The Gym is a Freak Show (Read 790 times)

    Nemo's story reminded me of a guy I saw at Bay to Breakers. He was running with an orange shirt and no pants, junk flopping around as free as can be. As others have said...some things you can't un-see.

     

    This is not really about the gym, but I just have to say that naked jogging is very big where I live. Talk about not being able to un-see...

      Something I had never thought about - what do the barefoot runners do when weather forces them inside?

       

      Well, they will probably have to find a "barefoot friendly" gym - like the one I found while visiting in Franklin, N.C.   Unfortunately, I live in Florida.  So if it's too cold outside for bare feet, I wear the most minimal shoes I have.

       

      PS - based on the locker room descriptions, I now retract my earlier post ranting on TM users wearing street clothes, only jogging for 10 minutes or walking around feeling all the equipment - that's not weird at all in comparison.
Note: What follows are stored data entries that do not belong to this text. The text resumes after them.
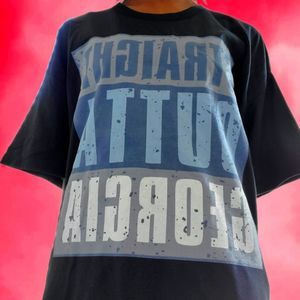 T-shirt with black background and says, "Straight out of Georgia" in bold and blue letters.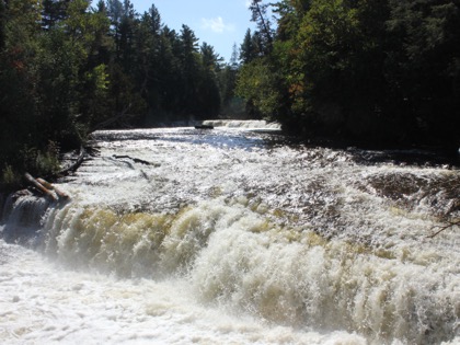 Tahquamenon Falls State Park park is on MI-123. It is on the map and is easy to find, but it is a bit out of the way. There are three sections to the park: the Upper Falls, the Lower Falls, and the rivermouth campsite.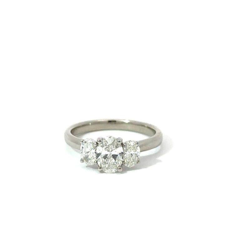 Platinum 1.36ct Three Stone Oval Diamond Ring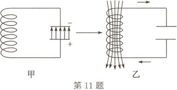 11. (2024·辽宁丹东模拟)对于$LC$振荡电路,从图甲到图乙的物理过程,下列说法正确的是 (

      "I can do 440 in 220"           Half Fanatic #846          "Ninety percent of running is half mental"

       

         

        I think I'm going crazy.

         

        The basic rules I use in my home are the same ones I use at the Y. If there are other people there (either place) I don't walk around, sip coffee, hang out, and chat whist nekkid.

         

        If no one is around, well I may walk around with nothing but an elephant mask on. I may even pretend to be an elephant on the john.

         

        But, you'll never, ever, catch me with just the top half covered...carrying on like Robert is your father's brother.  It is just fecking strange, particularly for men--given that it is the lower half that society tells us to not waive for all to see.

         

        And, you can cut off my feet before trying to send me into a public stall barefoot. Just take'em, cuz i don't wannam back.

        +100....both on the bare feet in the stall and on walking around with a shirt on but your junk waving in the wind. Creepy.